All I have to say about that obscene (diaper) costume is: why? Lol. Heihachi must have frozen his a**cheeks off in that get up!!


----------



## Infexxion

Mine's definitely changed. In no specific order:

I will say, first, John Marston is the most likable, awesome, badass protagonist I've ever played as. You learn about this character throughout the story, and it's just an awesome adventure to take with such an awesome character.

Nathan Drake is a witty, awesome, very likable, fun-to-play-as protagonist for Uncharted, and I never get tired of his sarcastic remarks or light humor when in dangerous, life-threatening situations. Awesome dude, I'd want to hang out with him if he was real.

Norman Jayden is an awesome character from Heavy Rain. An FBI profiler brought in for a crime scene, he's definitely an outsider and local cops don't like working with him. Plus, he's got a drug addiction that interferes with his work, which is a really cool conflict within a character, they've allowed themselves to become addicted to a substance and it's affecting their work, life, etc. Very gritty, realistic character.

Wrex from Mass Effect. Just a total badass.

There's a lot more, and I didn't include playable characters from games like Fallout, Dragon Age, Mass Effect, Elder Scrolls, etc because you design the character and they're basically your own.


----------



## Sanctus




----------



## erasercrumbs

There are dozens of video game characters I've taken a liking to through the years. Here are four of them.

*HK-47*, from Knights of the Old Republic

Not only did HK-47 manage to be one of my favorite video game characters, but he out-George Lucas'd George Lucas to be my favorite Star Wars character. What makes him so great? Two words: voice acting. The lilting, almost foppish way that he presents his sadistic outlook is devilishly charming. He's like a robotic Hannibal Lecter, which turns out to be every bit as cool in practice as it sounds in theory.

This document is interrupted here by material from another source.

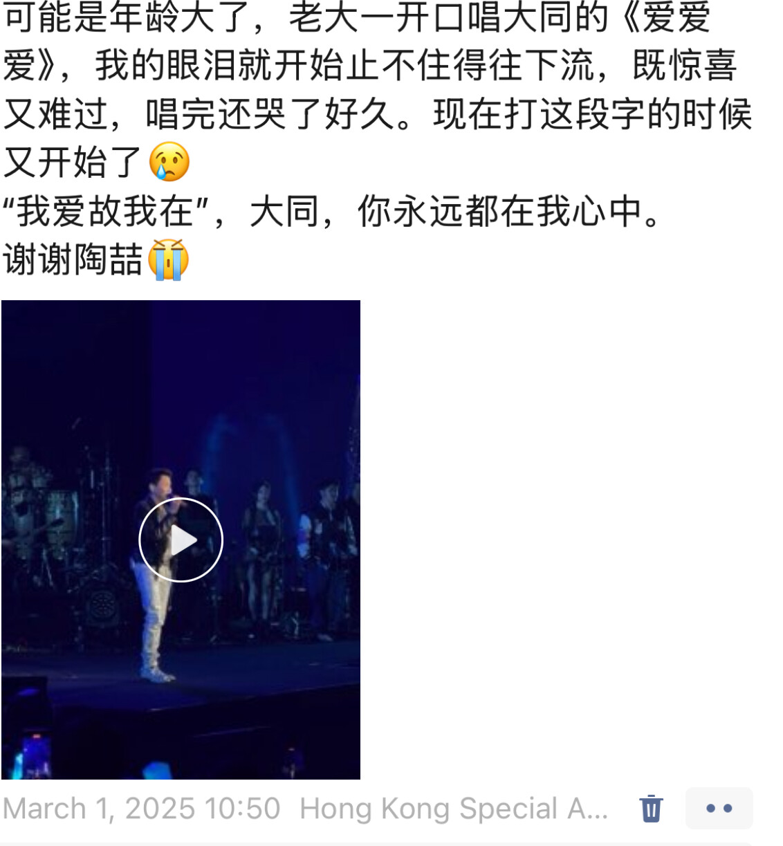 饭后我们步行前往红馆,因为人生地不熟,路上花了不少时间。我们俩坐下的时候,陶喆已经登台了。这场我期待许久的演唱会,却因为陶喆提及方大同去世的消息,让我的情绪瞬间从兴奋转为低落。当《爱爱爱》的旋律响起,我的泪水不由自主地滑落,接下来的歌几乎全程在含泪中听完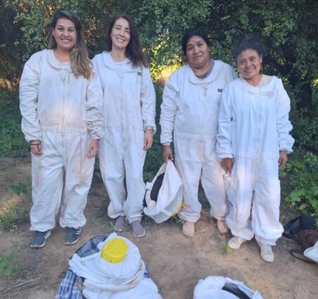 “Mujeres que Polinizan Futuro” se desarrolla en el monte santiagueño y tiene como eje la creación de un apiario comunitario y la formación técnica en apicultura sostenible, con el objetivo de generar ingresos genuinos, fortalecer el trabajo colectivo y cuidar el entorno natural. A través de talleres y prácticas productivas, las mujeres participan activamente en todas las etapas del proceso apícola.

*Tali'Zorah vas Neema*, from the Mass Effect series

Before Mass Effect 2's Tali, I responded to simulated romantic relationships in RPGs with eye-rolling. But all that changed when I escorted Tali on a fateful mission to save her father. Excellent voice-acting and a realistic degree of pathos makes her character spring to life. The dialogue through which you woo Tali is chock-full of the awkwardness found in real-life romantic entanglements, with both parties stammering a bit in their attempts to express affection. BioWare did such a good job in presenting Tali, that in subsequent playthroughs, I actually felt like I was being unfaithful when I wooed Jack or Garrus instead. That takes incredible writing. Tali is a very popular choice for the romance sub-plot in Mass Effect 2, even with a pickle jar on her head, and it's easy to see why.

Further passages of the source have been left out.